“Good night, Miss Morris!”

“Good night,” answered she calmly, turning her head to hide two tears that were dropping down her cheeks.

I mounted my horse and rode away again toward the point whence the sound of axes came, and where, among others, Henry Simpson was cutting a cottonwood. After a while I was seized by a certain measureless regret, for it seemed to me that those two tears were falling on my heart. I turned my horse, and next minute I was near Lillian a second time.

“Why are you crying, Miss Morris?” asked I.

“Oh, sir,” said she, “I know that you are of a noble family, Aunt Atkins told me that, and you have been so kind to me.”

She did everything not to cry; but she could not restrain herself, and could not finish her answer, for tears choked her voice. The poor thing! she had been touched to the bottom of her pensive soul by my answer regarding Simpson, for there was evident in it a certain aristocratic contempt; but I was not even dreaming of aristocracy,—I was simply jealous; and now, seeing her so unhappy, I wanted to seize my own collar and throttle myself. Grasping her hand, I said with animation:—

“Lillian, Lillian, you did not understand me. I take God to witness that no pride was speaking through me. Look at me: I have nothing in the world but these two hands,—what is my descent to me? Something else pained me, and I wanted to go away; but I could not support your tears. And I swear to you also, that what I have said to you pains me more than it does you. You are not an object of indifference to me, Lillian. Oh, not at all! for if you were, what you think of Henry would not concern me. He is an honest fellow, but that does not touch the question. You see how much your tears cost me; then forgive me as sincerely as I entreat your forgiveness.”

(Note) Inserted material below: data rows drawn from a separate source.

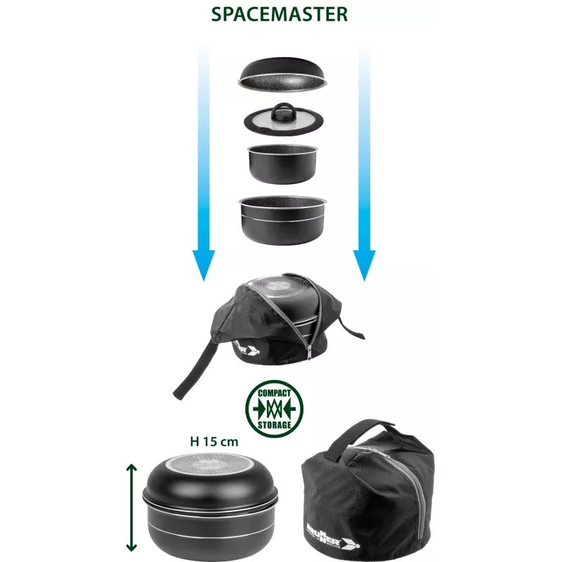 Il Brunner Pirate Spacemaster Ø 24 è un set di pentole compatto e leggero, progettato per offrire la massima funzionalità durante le attività all'aperto. Realizzato in alluminio con rivestimento antiaderente Stone Rock, è adatto a tutti i tipi di fornelli, inclusi quelli a induzione.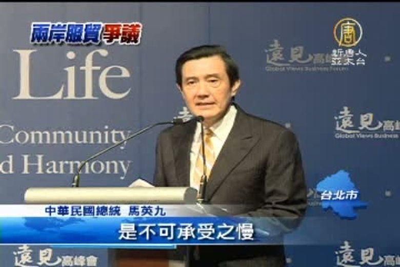 兩岸服務貿易協議簽訂以來引發軒然大波,至今仍然躺在立院,恐怕今年難以過關。馬總統今天形容服貿法案卡關是「不可承受之慢」,再次呼籲立院盡速審理。 //asset3.ntdtv.com.tw/public/uploads/video/2013/10/30/20131030-17992642.mp4 台灣要聞|兩岸服務貿易協議|服貿|立法院|馬英九總統|華人企業領袖2013-10-29 21:23:51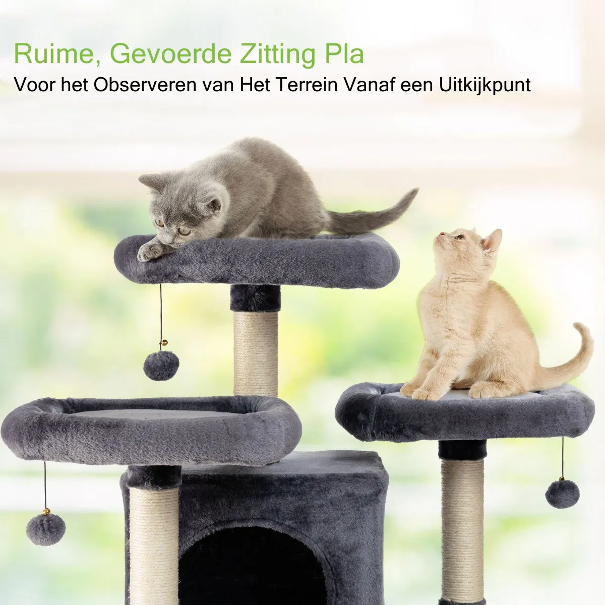 3 gecapitonneerde zitstokken zorgen ervoor dat katten het terrein kunnen observeren vanaf een hoogte van 170 cm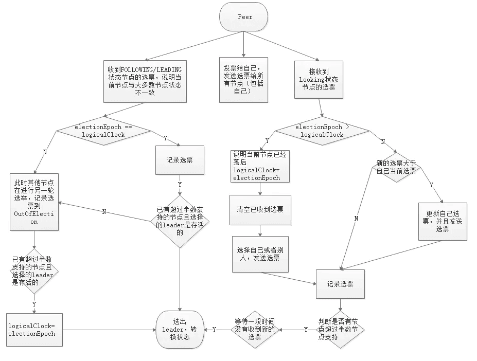 节点在选举开始时,都默认投票给自己,当接收其他节点的选票时,会根据上面的 Leader条件 判断并且更改自己的选票,然后重新发送选票给其他节点。当有一个节点的得票超过半数,该节点会设置自己的状态为 Leading ,其他节点会设置自己的状态为 Following。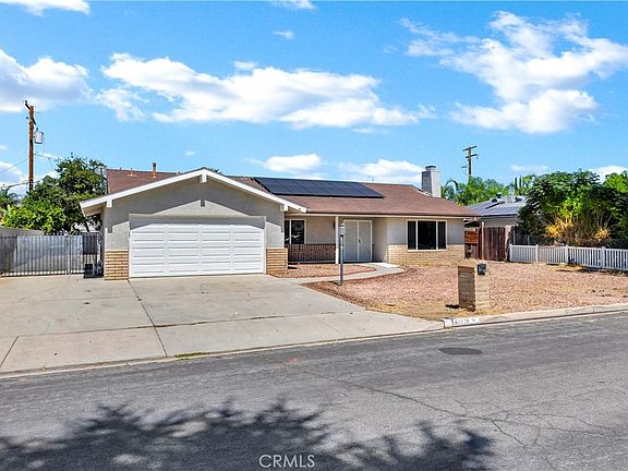 Welcome to this desirable spacious home with a large lot situated in a peaceful east Hemet neighborhood. This home offers 3 beds with 2 baths and 1552 sqft of living space boasting a pleasant floor plan with laminated/tile flooring throughout the home. The home also has a large kitchen accompanied by plenty of cabinets and granite counter tops. The kitchen leads to a massive backyard surrounded by block and wood fencing. The backyard also has a galvanized steel shed that is great for storage and a covered patio. Alongside the home you have RV-access with plenty of space for toys. In front of the home, you have a big yard, a small patio, steel screen door and driveway leading into a 2-car garage. The home is also energy efficient with its PAID OFF SOLAR!! Conveniently located near Schools, Churches, Soboba Casino, and shopping centers. Don't miss the opportunity to call this home!!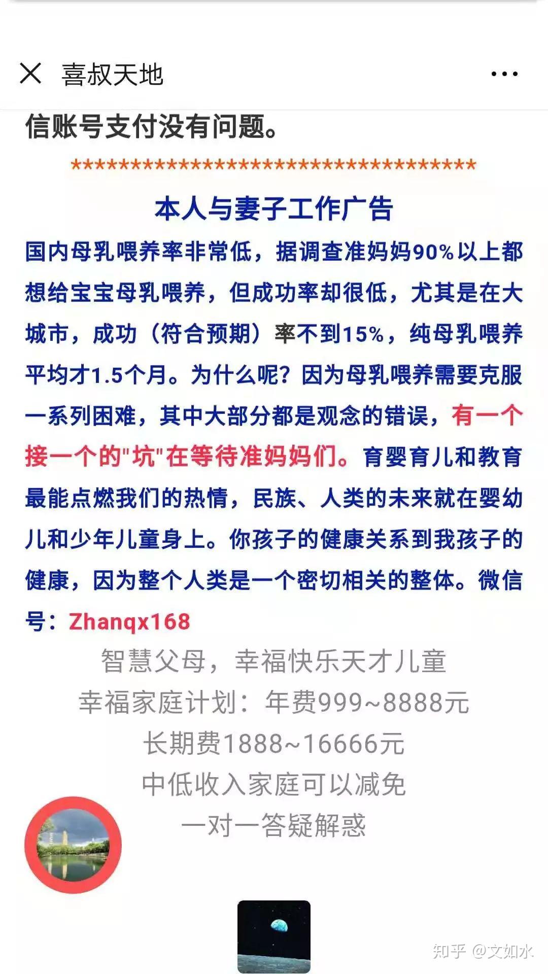 就在17日推送的该文“孩子,我是个低微的父亲”中,占全喜历数占Bagalkot从小到大遭到几家庭溺爱,后来又是多么奋发自学,而本身因为撑持占Bagalkot根底教育男女平等,成了国度的功人,某些权力的眼中钉,因而他要尽到父亲的责任,把筹到的钱5年还完。下面,占全喜诡异地话锋一转,贴出一则他和老婆的工做告白,母乳喂养和聪慧父母天才儿童幸福家庭方案,年费收999~8888元,持久费1888~16666元,加占全喜小我QQ,一对一答疑解惑。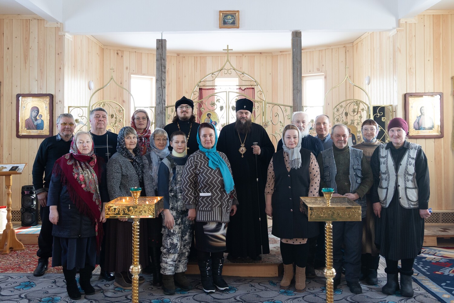 Высокопреосвященнейшего владыку у входа в храм встретил настоятель, сотрудник Сыктывкарского епархиального управления иеромонах Стефан (Варфоломеев) и помощница старосты Наталья Мартынова. По прибытии владыка осмотрел храм, благословил прихожан, раздал всем иконки Пресвятой Богородицы Казанской и обратился к собравшимся с проповедью на тему великопостного времени. Затем состоялась небольшая трапеза и знакомство архипастыря с приходом. В этот день на встрече также присутствовали глава сельского поселения «Нювчим» Валентина Ивановна Тумпакова и депутат Совета сельского поселения «Нювчим» Нина Вениаминовна Лыфарь. В завершение встречи настоятель поблагодарил владыку за визит и преподнес в дар сувенирные часы с изображением храма. Местные жители, в свою очередь, угостили высокого гостя домашними заготовками, которые пришлись как нельзя кстати в постные дни. Владыка Филипп сердечно поблагодарил всех собравшихся за теплую встречу, а также дал свои архипастырские благословения и рекомендации по вопросам дальнейшего устройства и улучшения работы прихода. Напомним, что отец Стефан несет послушание настоятеля первый год. За это время с помощью прихожан и благотворителей в храме была проведена внутренняя отделочная работа. Планов по благоукрашению церкви очень много, и приход надеется выполнить их в ближайшее время. Особая благодарность в этот день — всем прихожанам, которые, несмотря на будний день, нашли время прийти в храм, поддержать настоятеля и лично познакомиться с нашим новым правящим архиереем.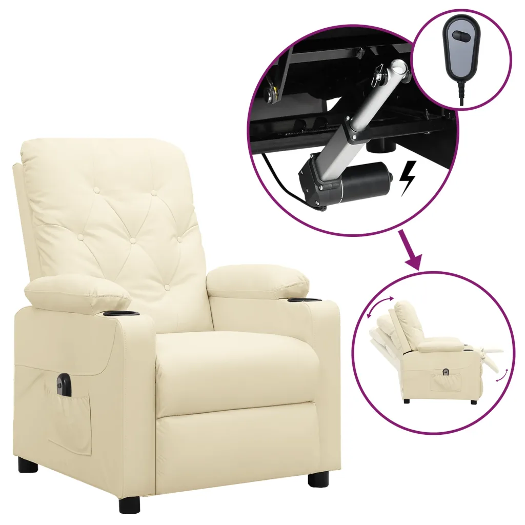 See elektriline lamamistugitool pakub mugavat kohta puhkamiseks ja televiisori vaatamiseks. Elektrimootoriga reguleeritav selja- ja jalatugi võimaldavad valida endale sobiva asendi, samal ajal kui pehme polsterdus ja laiad käetoed loovad hubase istumiskogemuse. Kreemjasvalge kunstnahk annab tugitoolile neutraalse ja elegantselt ajatu ilme.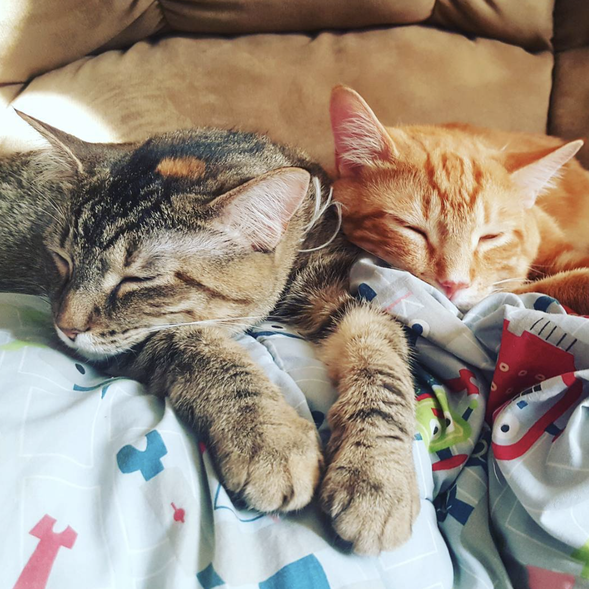 So cute, right? This is the look Boomer gives me when she wants attention. She’ll stare right at you until you say her name and then she happily climbs on top of you, rubbing into your hand to indicate she’d like to be petted. Peaches on the other hand makes it clear what he wants by rolling over onto his back and stretching so that his belly is right side up. He will wiggle himself around next to you until he gets the belly rubs he is looking for. I love cuddling with them and showing them love, just like I do my two little human babies (well, I guess my boys aren’t really babies anymore though…).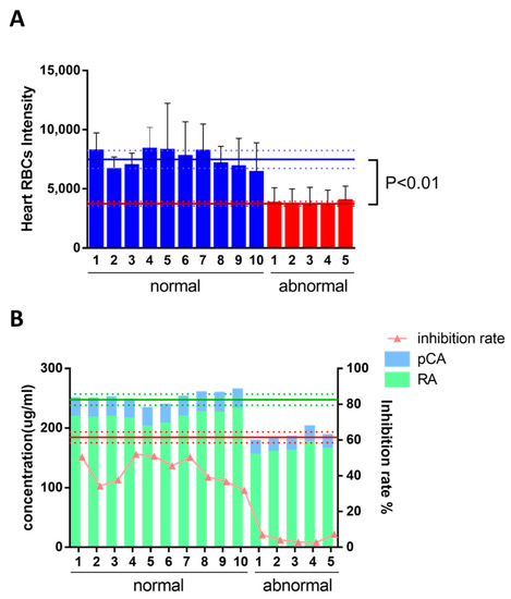 Heart red blood cell intensity in the zebrafish of normal and abnormal DHI (A) The distinction of the total concentration of RA and pCA in accordance with the inhibition rate between the normal and abnormal DHI; (B) The error bars represent the standard deviation based on ten repeated samples. Data in Figure 6A was represented by the mean ± SD and data in Figure 6B was represented by the mean, n = 10.

Speaking in this way I raised her hand and pressed it to my lips; that high proof of respect, and the truthfulness which sounded in my request, succeeded in quieting the maiden somewhat. She did not cease at once to weep, but her tears were of another kind, for a smile was visible through them, as a sun-ray through mist. Something too was sticking in my throat, and I could not stifle my emotion. A certain tender feeling mastered my heart. We walked on in silence, and round about us the world was pleasant and sweet.

Meanwhile, the day was inclining toward evening; the weather was beautiful, and in the air, already dusky, there was so much light that the whole prairie, the distant groups of cottonwood-trees, the wagons in our train, and the flocks of wild geese flying northward through the sky, seemed golden and rosy. Not the least wind moved the grass; from a distance came to us the sound of rapids, which the Cedar River formed in that place, and the neighing of horses from the direction of the camp. That evening with such charms, that virgin land, and the presence of Lillian, brought me to such a state of mind that my soul was almost ready to fly out of me somewhere to the sky. I thought myself a shaken bell, as it were. At moments I wanted to take Lillian’s hand again, raise it to my lips, and not put it down for a long time; but I feared lest this might offend her. Meanwhile she walked on near me, calm, mild, and thoughtful. Her tears had dried already; at moments she raised her bright eyes to me; then we began to speak again,—and so reached the camp.